King of the Skies? Ryanair v Delayfix (Case C-519/19)
It seems that once the Court of Justice of the European Union starts commenting on Regulation (EU) 261/2004 (the Denied Boarding Regulations, do keep up), it just can’t stop. This week brought another decision, albeit this one focussed more on Regulation (EU) 1215/2012 (recast Brussels, to you and me).
The facts are not unfamiliar. A passenger had assigned to DelayFix his right to claim for €250 for the cancellation of a Ryanair flight. Ryanair refused to pay DelayFix, on the basis of an exclusive jurisdiction clause in its standard terms and conditions which stated that any claim against it had to be brought in the Irish courts.
The Polish court at first instance rejected Ryanair’s jurisdictional argument and accepted jurisdiction over the claim, on the basis that the jurisdiction clause was an unfair contract term within Directive 93/13 (the Unfair Contract Terms Directive – honestly, why don’t they just name them?), and that DelayFix was not bound by it in any event, not having been a party to the contract between the passenger and Ryanair.
Ryanair appealed on the basis that because DelayFix was not a consumer, they could not benefit from provisions of European law expressly designed to assist consumers (and not assignees).
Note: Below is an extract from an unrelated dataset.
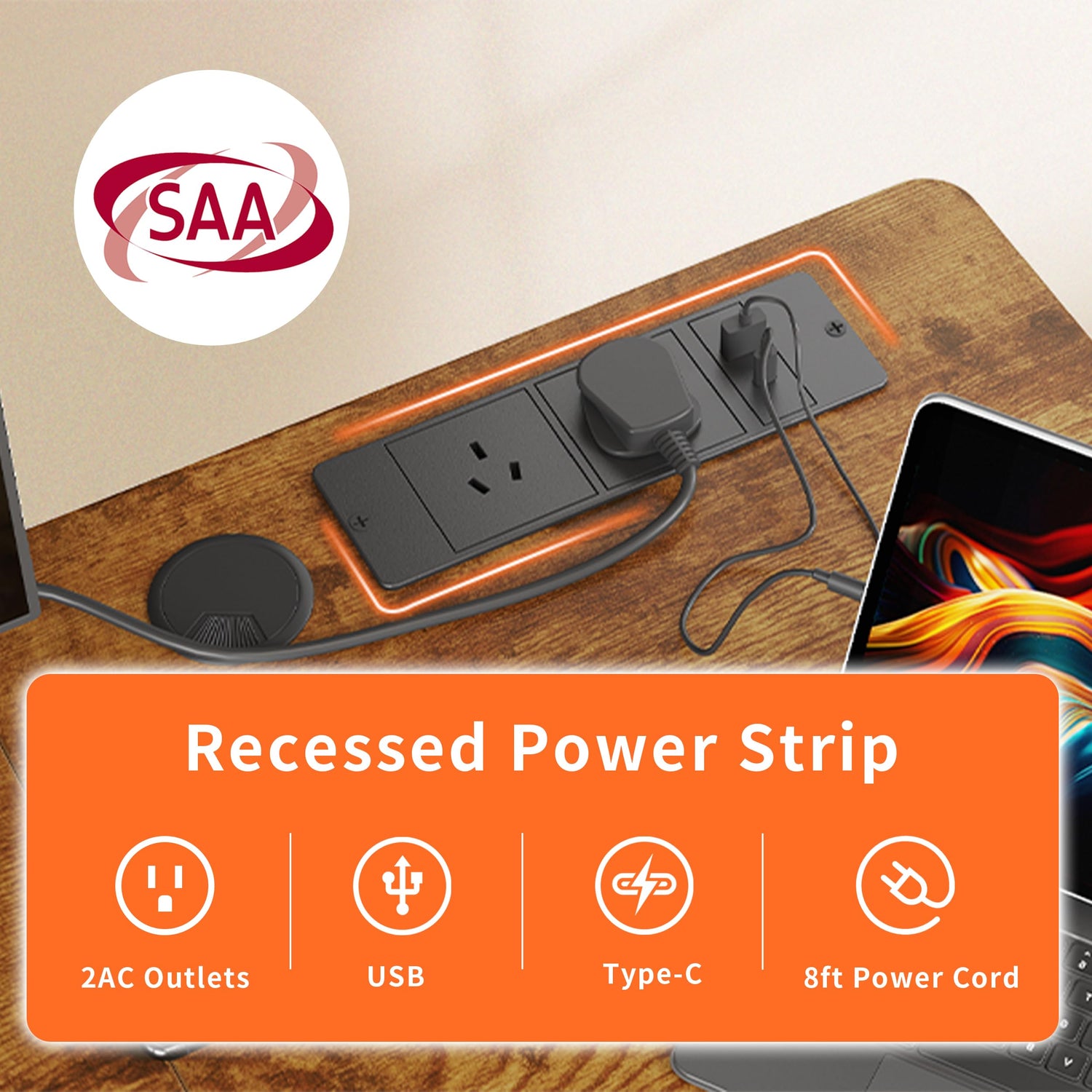 - Daily Convenience: Equipped with hooks on each side and two cable management holes, this desk is perfect for everyday use. It also comes with 2 power sockets, 1 USB, and 1 Type-C charging port, allowing you to charge your devices while working or gaming.
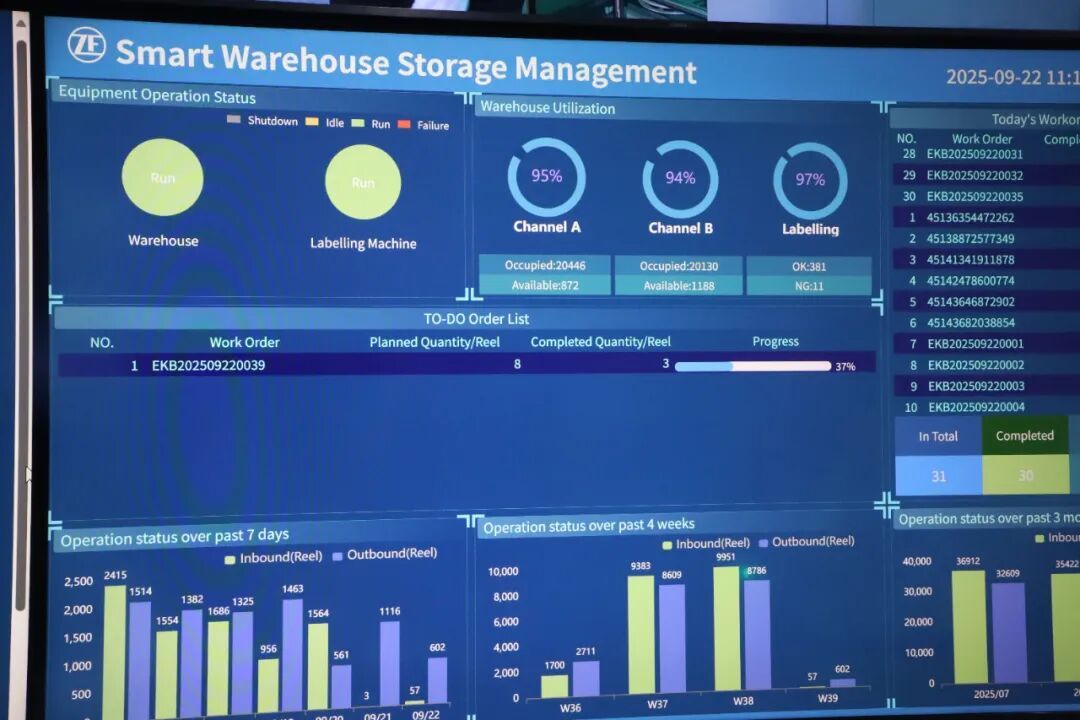 站在智能云仓的可视化屏幕面前,采埃孚汽车系统电子工厂厂长肖宏向记者介绍,智能工厂构建了以数据驱动为核心的智能仓储物流体系,集成WMS、智能云仓、AGV/AMR及RFID等关键技术,使得工厂的空间利用率因高密度存储提升超过250%,出入库效率通过精准化操作提升近50%。

The appeal court referred the question to the ECJ of whether an assignee of consumer rights could be regarded as a consumer; or failing that, whether it could be treated as if it were a consumer.
The Warsaw Regional Court put the question in this way:
‘Should Articles 2(b), 3(1) and (2) and 6(1) of Directive 93/13 … and Article 25 of Regulation [No 1215/2012], as regards examination of the validity of an agreement conferring jurisdiction, be interpreted as meaning that the final purchaser of a claim acquired by way of assignment from a consumer, which final purchaser is not a consumer himself, may rely on the absence of
individual negotiation of contractual terms and on unfair contractual terms arising from a jurisdiction clause?’
The CJEU answered the question in this way:
“Article 25 of Regulation (EU) No 1215/2012 of the European Parliament and of the Council of 12 December 2012 on jurisdiction and the recognition and enforcement of judgments in civil and commercial matters must be interpreted as meaning that, in order to contest the jurisdiction of a court to hear and determine an action brought for compensation under Regulation (EC) No 261/2004 of the European Parliament and of the Council of 11 February 2004 establishing common rules on compensation and assistance to passengers in the event of denied boarding and of cancellation or long delay of flights, and repealing Regulation (EEC) No 295/91 and against an airline, a jurisdiction clause incorporated in a contract of carriage concluded between a passenger and that airline cannot be enforced by the airline against a collection agency to which the passenger has assigned the claim, unless, under the legislation of the Member State whose courts are designated in that clause, that collection agency is the successor to all the initial contracting party’s rights and obligations, which it is for the referring court to determine. Where appropriate, such a clause, incorporated, without having been subject to an individual negotiation, in a contract concluded between a consumer, that is to say, the air passenger, and a seller or supplier, that is to say, the airline, and which confers exclusive jurisdiction on the courts which have jurisdiction over the territory in which that airline is based, must be considered as being unfair within the meaning of Article 3(1) of Directive 93/13/EEC of 5 April 1993 on unfair terms in consumer contracts.”
The clause was unfair, and the assignee could rely on that unfairness in asking the court not to apply it.
Ryanair must have seen this result coming, because between referral and judgment it made the €250 payment and then asked the Court not to consider the question referred to it, on the basis
that there was nothing left for the parties to argue over. The Court gave this tactic short shrift, however, on the basis that although one refund had been made, others were still outstanding.
Self-styled King of the Skies Michael O’Leary is unlikely to be happy about this; claims management companies have been targeting Ryanair ever since the Denied Boarding Regulations came into force, and only the operation of Ryanair’s exclusive jurisdiction clause has been able to stop them (cf the decision of Liverpool County Court in Menditta v Ryanair, unreported, April 2017, in which the author had the honour of appearing). Now, it seems, it’s likely to be Open Season on such claims.